◆ Prompt
In the entries below, find the line with "Приведу пример расценок" and the line with "4月24日,利比亚艾季达比耶市,反对派武装分子在战斗之余修整头发。". Repeat exactly everything between them, those two lines included, but not the pictures.

---------- Dataset records ----------

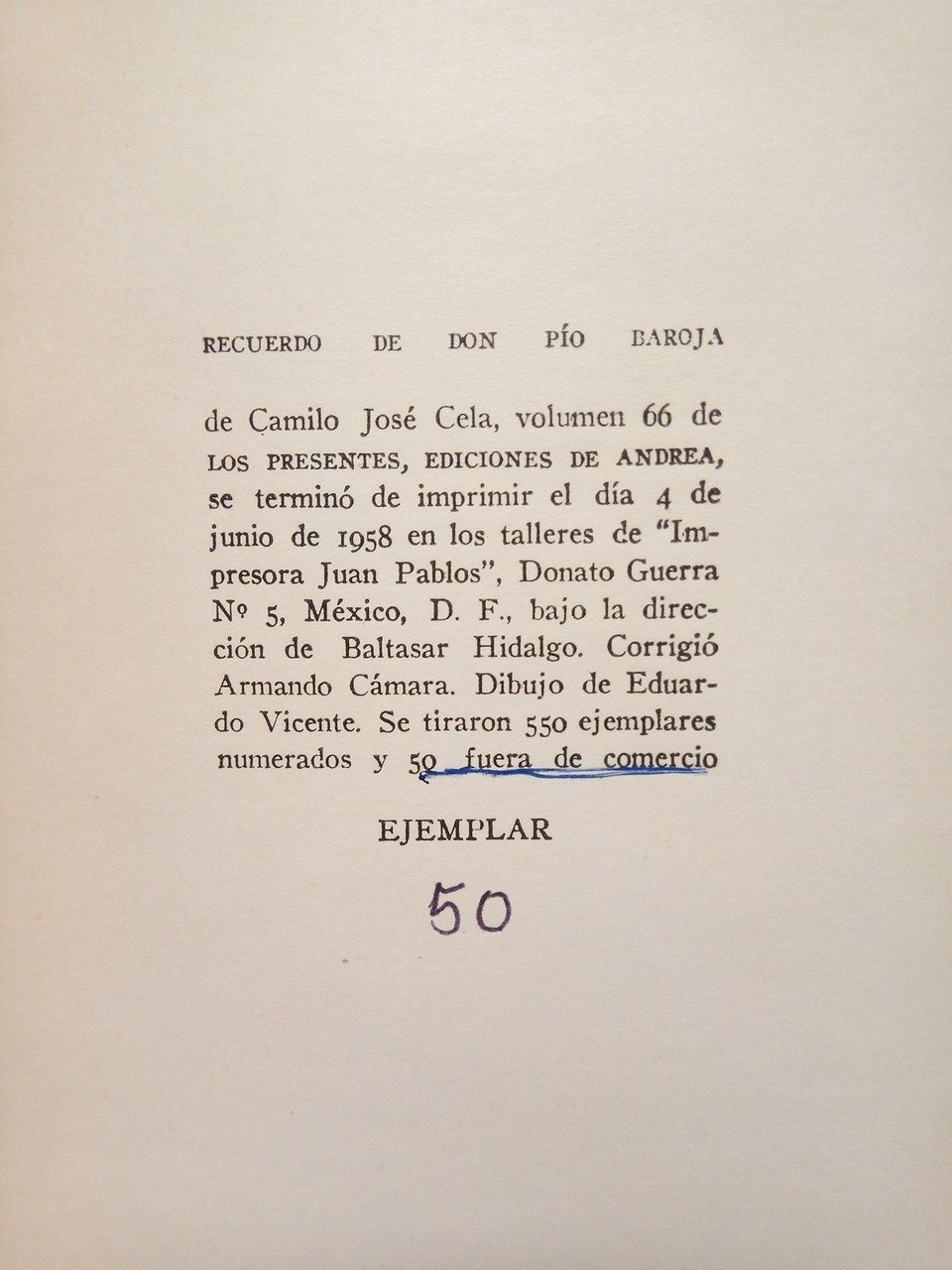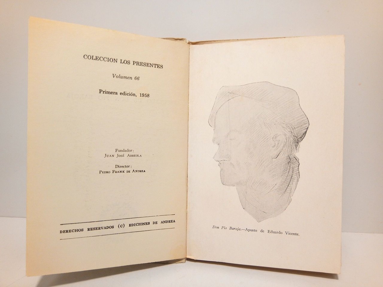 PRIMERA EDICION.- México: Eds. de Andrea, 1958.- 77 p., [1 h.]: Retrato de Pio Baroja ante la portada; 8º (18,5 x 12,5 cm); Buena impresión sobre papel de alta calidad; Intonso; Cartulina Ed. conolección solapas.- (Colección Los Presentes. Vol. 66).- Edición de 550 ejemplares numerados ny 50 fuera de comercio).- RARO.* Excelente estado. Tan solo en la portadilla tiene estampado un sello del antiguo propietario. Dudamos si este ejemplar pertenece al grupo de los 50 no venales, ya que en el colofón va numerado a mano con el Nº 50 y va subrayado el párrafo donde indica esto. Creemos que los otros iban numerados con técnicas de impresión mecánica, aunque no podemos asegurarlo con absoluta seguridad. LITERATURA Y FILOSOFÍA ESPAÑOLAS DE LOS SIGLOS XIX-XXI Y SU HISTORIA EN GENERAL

----------
---------- Dataset records ----------

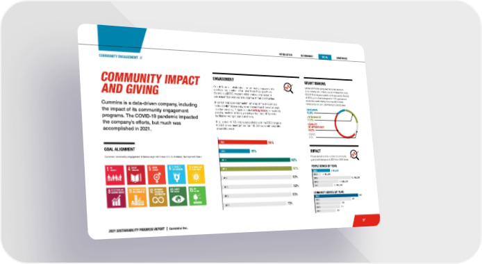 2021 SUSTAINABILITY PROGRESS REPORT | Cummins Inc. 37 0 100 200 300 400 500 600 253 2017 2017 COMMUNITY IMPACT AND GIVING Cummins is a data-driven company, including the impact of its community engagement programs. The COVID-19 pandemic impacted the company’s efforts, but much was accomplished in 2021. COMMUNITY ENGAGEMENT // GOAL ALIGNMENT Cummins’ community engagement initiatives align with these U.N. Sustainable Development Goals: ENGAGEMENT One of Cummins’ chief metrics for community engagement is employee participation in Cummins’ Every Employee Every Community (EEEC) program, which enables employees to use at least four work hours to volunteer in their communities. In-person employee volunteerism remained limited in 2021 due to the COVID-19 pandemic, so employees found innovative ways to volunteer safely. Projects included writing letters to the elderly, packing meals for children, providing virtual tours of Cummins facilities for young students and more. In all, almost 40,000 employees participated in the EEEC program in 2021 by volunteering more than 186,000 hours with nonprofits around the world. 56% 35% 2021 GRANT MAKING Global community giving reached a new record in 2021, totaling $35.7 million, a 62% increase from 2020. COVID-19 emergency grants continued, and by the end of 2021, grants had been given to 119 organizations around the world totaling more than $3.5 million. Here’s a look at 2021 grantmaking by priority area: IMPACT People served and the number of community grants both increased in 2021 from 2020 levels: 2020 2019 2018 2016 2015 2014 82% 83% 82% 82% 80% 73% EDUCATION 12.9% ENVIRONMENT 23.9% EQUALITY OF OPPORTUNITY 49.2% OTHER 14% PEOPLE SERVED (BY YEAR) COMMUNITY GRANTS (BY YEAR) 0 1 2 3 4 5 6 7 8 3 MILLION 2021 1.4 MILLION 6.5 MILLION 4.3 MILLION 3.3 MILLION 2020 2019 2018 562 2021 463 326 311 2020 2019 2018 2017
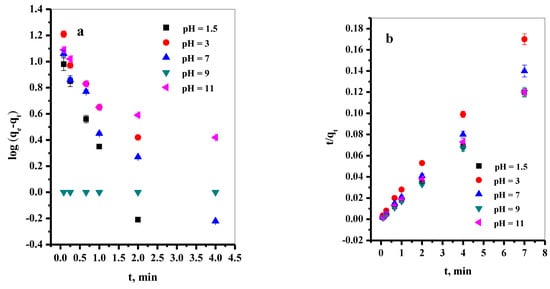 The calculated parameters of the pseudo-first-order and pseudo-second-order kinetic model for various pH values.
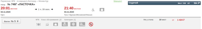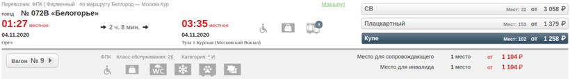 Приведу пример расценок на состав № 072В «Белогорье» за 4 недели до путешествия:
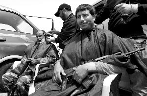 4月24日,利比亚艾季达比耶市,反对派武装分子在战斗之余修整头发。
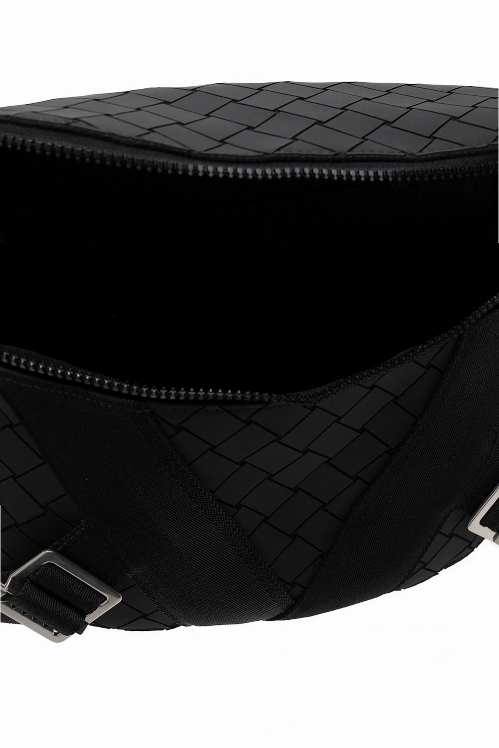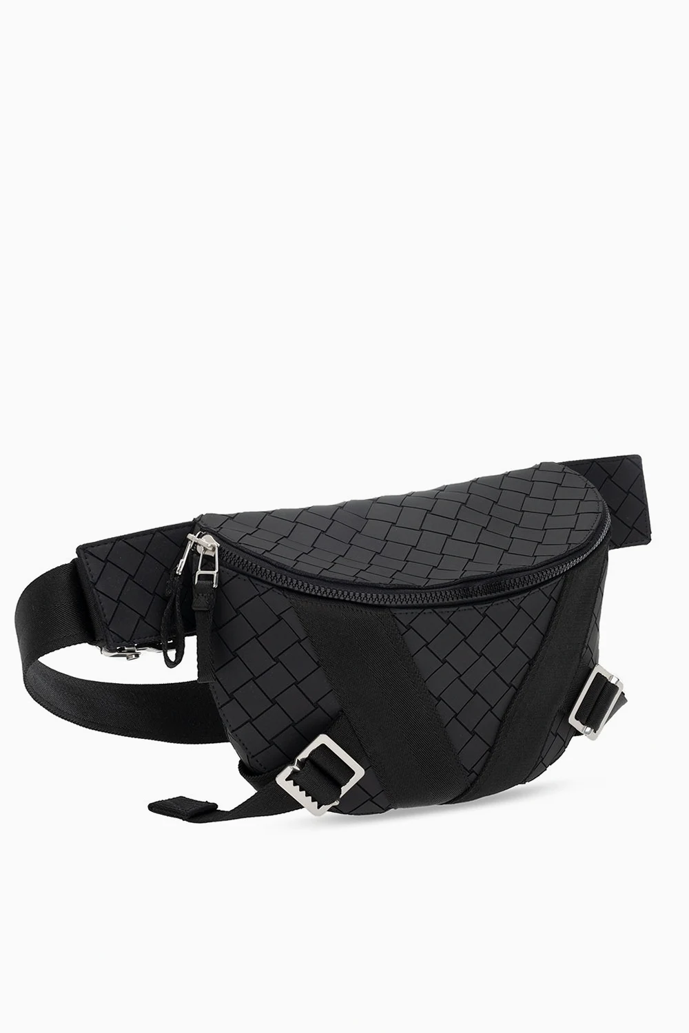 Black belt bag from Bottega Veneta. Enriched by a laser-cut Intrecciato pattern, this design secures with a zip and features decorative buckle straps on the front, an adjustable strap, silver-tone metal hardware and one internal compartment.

----------

◆ Exercise response
 Приведу пример расценок на состав № 072В «Белогорье» за 4 недели до путешествия:
 4月24日,利比亚艾季达比耶市,反对派武装分子在战斗之余修整头发。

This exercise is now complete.